Your task: Each line below must be reproduced exactly as it stands. Pictures stay out of the copy.

Source material:
☆ ☆ ☆ ☆ ☆
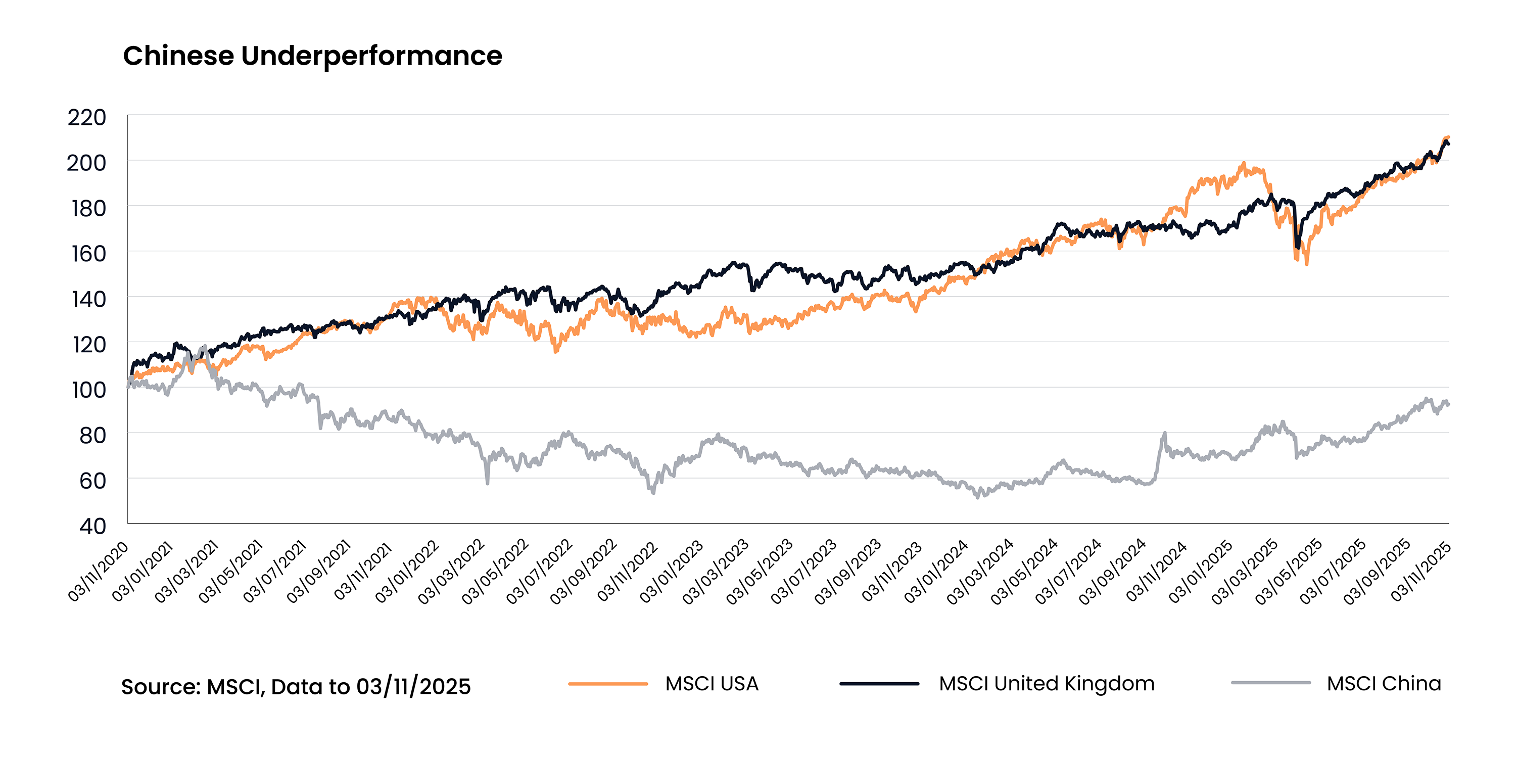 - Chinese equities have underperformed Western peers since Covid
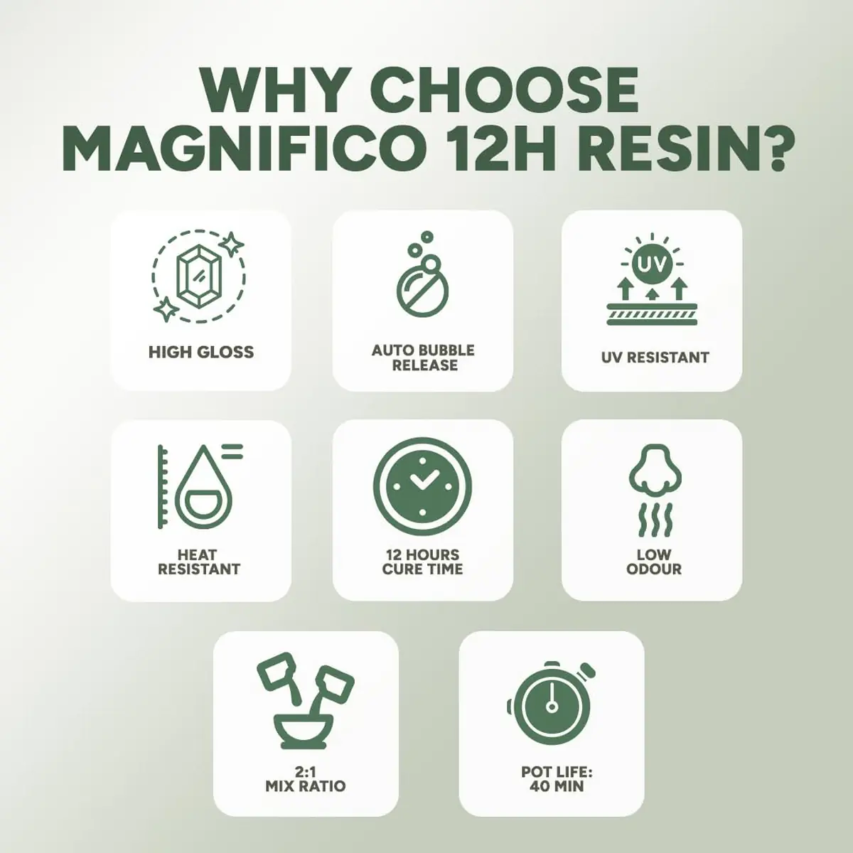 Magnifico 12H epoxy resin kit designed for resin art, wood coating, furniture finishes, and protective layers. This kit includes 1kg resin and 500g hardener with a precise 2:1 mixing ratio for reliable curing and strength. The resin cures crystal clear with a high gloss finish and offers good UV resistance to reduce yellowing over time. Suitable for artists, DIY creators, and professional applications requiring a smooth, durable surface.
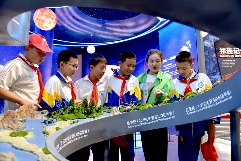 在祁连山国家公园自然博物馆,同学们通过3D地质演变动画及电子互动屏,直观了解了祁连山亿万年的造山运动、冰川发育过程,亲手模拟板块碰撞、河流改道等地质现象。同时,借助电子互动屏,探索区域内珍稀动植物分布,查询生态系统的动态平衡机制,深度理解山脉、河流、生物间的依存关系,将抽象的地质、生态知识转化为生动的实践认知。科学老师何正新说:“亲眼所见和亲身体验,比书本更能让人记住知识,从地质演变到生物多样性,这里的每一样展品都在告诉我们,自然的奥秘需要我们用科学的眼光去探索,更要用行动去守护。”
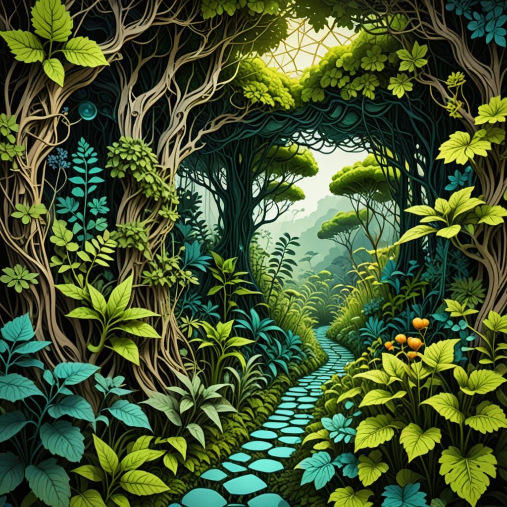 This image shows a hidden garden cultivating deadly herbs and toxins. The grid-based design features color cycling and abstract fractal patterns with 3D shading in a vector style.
☆ ☆ ☆ ☆ ☆
Finished exercise:
 - Chinese equities have underperformed Western peers since Covid
 Magnifico 12H epoxy resin kit designed for resin art, wood coating, furniture finishes, and protective layers. This kit includes 1kg resin and 500g hardener with a precise 2:1 mixing ratio for reliable curing and strength. The resin cures crystal clear with a high gloss finish and offers good UV resistance to reduce yellowing over time. Suitable for artists, DIY creators, and professional applications requiring a smooth, durable surface.
 在祁连山国家公园自然博物馆,同学们通过3D地质演变动画及电子互动屏,直观了解了祁连山亿万年的造山运动、冰川发育过程,亲手模拟板块碰撞、河流改道等地质现象。同时,借助电子互动屏,探索区域内珍稀动植物分布,查询生态系统的动态平衡机制,深度理解山脉、河流、生物间的依存关系,将抽象的地质、生态知识转化为生动的实践认知。科学老师何正新说:“亲眼所见和亲身体验,比书本更能让人记住知识,从地质演变到生物多样性,这里的每一样展品都在告诉我们,自然的奥秘需要我们用科学的眼光去探索,更要用行动去守护。”
 This image shows a hidden garden cultivating deadly herbs and toxins. The grid-based design features color cycling and abstract fractal patterns with 3D shading in a vector style.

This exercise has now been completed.